Solution:
- uses
paste()
to collapse the vector elements together
- uses
fread()
to parse the collapsed vector into data.table/data.frame
As a function:
collapse2fread <- function(x,sep) {
require(data.table)
fread(paste0(x,collapse="\n"),sep=sep,header=FALSE)
}
Rcpp on top of that?
Could also try doing it in c++ via Rcpp
packages to get more out of it?
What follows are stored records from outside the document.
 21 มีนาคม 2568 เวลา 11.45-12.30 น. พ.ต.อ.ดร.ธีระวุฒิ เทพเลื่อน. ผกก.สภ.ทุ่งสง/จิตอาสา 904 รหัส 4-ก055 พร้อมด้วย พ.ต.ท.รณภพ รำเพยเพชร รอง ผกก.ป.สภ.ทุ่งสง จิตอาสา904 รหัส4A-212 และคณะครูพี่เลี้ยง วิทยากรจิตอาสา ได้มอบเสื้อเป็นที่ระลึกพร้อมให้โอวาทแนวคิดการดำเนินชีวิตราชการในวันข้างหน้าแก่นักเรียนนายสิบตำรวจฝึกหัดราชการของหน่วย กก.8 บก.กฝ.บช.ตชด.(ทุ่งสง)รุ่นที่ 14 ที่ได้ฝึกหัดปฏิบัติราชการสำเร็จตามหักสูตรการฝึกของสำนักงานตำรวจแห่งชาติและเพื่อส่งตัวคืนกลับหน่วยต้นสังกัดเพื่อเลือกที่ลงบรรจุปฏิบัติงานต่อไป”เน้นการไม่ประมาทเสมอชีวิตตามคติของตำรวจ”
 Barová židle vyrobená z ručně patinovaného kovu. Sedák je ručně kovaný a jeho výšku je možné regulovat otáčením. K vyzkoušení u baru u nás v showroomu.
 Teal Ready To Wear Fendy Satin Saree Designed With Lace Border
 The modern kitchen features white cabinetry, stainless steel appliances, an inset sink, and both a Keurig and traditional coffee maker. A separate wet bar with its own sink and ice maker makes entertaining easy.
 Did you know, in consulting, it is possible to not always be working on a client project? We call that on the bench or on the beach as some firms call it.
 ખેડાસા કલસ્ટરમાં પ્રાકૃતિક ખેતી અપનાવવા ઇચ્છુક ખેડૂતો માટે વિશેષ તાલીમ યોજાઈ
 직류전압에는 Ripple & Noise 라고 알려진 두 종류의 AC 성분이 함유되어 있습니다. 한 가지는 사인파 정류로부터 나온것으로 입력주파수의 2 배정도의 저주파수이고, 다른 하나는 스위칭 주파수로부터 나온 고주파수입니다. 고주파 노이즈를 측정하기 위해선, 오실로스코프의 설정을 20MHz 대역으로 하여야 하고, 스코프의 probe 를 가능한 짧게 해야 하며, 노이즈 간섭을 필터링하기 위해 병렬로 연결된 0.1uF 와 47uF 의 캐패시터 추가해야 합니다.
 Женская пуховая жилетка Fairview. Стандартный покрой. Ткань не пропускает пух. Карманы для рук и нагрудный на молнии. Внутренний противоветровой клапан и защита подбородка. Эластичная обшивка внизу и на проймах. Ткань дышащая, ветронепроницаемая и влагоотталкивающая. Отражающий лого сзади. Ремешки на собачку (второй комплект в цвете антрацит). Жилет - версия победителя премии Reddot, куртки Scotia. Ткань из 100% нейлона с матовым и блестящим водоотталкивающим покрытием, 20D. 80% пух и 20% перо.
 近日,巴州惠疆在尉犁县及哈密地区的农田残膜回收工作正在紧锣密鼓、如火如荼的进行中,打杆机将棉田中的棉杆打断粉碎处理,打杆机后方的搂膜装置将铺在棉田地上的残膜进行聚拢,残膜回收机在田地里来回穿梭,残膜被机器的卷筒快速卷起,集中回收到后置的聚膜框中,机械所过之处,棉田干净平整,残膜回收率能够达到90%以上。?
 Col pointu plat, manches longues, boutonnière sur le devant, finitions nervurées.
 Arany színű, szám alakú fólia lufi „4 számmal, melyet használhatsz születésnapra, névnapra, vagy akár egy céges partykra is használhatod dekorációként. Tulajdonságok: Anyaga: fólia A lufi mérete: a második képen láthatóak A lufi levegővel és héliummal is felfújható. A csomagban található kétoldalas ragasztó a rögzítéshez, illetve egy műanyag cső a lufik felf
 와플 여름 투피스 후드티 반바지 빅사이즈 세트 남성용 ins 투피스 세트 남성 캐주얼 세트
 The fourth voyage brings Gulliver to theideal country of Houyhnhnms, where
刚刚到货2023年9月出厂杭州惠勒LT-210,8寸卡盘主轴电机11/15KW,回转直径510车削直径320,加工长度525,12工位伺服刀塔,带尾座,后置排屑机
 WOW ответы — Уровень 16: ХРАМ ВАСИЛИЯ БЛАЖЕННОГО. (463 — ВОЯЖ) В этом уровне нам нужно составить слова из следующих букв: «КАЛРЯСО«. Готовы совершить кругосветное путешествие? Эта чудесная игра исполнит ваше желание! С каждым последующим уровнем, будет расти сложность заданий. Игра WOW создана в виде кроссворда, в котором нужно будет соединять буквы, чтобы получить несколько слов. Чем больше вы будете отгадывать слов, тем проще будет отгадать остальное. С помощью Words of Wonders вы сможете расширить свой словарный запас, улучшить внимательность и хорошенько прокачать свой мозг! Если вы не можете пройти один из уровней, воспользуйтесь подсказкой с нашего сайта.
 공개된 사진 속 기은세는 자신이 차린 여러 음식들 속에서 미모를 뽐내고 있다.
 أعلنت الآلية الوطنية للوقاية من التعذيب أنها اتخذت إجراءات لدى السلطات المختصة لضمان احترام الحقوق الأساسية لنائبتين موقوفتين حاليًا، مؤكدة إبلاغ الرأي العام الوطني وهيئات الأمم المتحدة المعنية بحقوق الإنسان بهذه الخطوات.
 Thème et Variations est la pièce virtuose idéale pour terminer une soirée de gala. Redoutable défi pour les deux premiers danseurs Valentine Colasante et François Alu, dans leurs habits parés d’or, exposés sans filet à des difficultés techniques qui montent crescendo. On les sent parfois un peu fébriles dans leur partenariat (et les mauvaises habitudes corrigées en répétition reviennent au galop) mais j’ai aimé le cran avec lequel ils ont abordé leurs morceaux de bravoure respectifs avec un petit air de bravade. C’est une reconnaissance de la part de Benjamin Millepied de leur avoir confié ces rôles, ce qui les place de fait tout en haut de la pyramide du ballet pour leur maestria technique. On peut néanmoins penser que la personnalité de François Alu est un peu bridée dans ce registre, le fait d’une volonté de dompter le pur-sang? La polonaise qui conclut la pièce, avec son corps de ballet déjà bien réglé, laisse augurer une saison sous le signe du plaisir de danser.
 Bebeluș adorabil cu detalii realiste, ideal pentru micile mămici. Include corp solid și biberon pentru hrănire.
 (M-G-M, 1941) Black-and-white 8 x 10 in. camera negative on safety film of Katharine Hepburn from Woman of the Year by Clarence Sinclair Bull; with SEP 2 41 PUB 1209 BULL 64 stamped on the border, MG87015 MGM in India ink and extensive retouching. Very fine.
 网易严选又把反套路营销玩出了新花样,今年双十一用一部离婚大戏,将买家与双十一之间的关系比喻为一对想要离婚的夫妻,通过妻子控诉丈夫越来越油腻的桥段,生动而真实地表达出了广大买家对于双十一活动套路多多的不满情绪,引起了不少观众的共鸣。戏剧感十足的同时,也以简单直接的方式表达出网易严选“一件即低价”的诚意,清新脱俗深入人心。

Something like:
std::string collapse_cpp(CharacterVector subject,const std::string collapseBy){
int n = subject.size();
std::string collapsed;
for(int i=0;i<n;i++){
collapsed += std::string(subject[i]) + collapseBy;
}
return(collapsed);
}
Then we get:
collapse_cpp2fread <- function(x,sep) {
require(data.table)
fread(collapse_cpp(x,collapse="\n"),sep=sep,header=FALSE)
}
quick test for the cpp fxn
microbenchmark(
paste0(words,collapse="\n"),
collapse_cpp(words,"\n"),
times=100)
not much but it's someting:
> Unit: microseconds
> expr min lq median uq max neval
> paste0(words, collapse = "\\n") 7.297 7.7695 8.162 8.4255 33.824 100
> collapse_cpp(words, "\\n") 4.477 5.0095 5.117 5.3525 17.052 100
Comparison to strsplit method:
Make a more realistic input
words <- rep(paste0(letters[1:8], collapse = '_'), 1e5) # 100K elements
benchmark:
microbenchmark(
do.call(rbind, strsplit(words, '_')),
fread(paste0(words,collapse="\n"),sep="_",header=FALSE),
fread(collapse_cpp(words,"\n"),sep="_",header=FALSE),
times=10)
gives:
> Unit: milliseconds
> expr min lq median uq
> do.call(rbind, strsplit(words, "_")) 782.71782 796.19154 822.73694 854.22211
> fread(paste0(words, collapse = "\\n"), sep = "_", header = FALSE) 62.56164 64.13504 68.22512 71.96075
> fread(collapse_cpp(words, "\\n"), sep = "_", header = FALSE) 47.16362 47.78030 50.12867 52.23102
> max neval
> 863.0790 10
> 151.5969 10
> 109.9770 10
so about a 20x improvement at this size? hope it helps!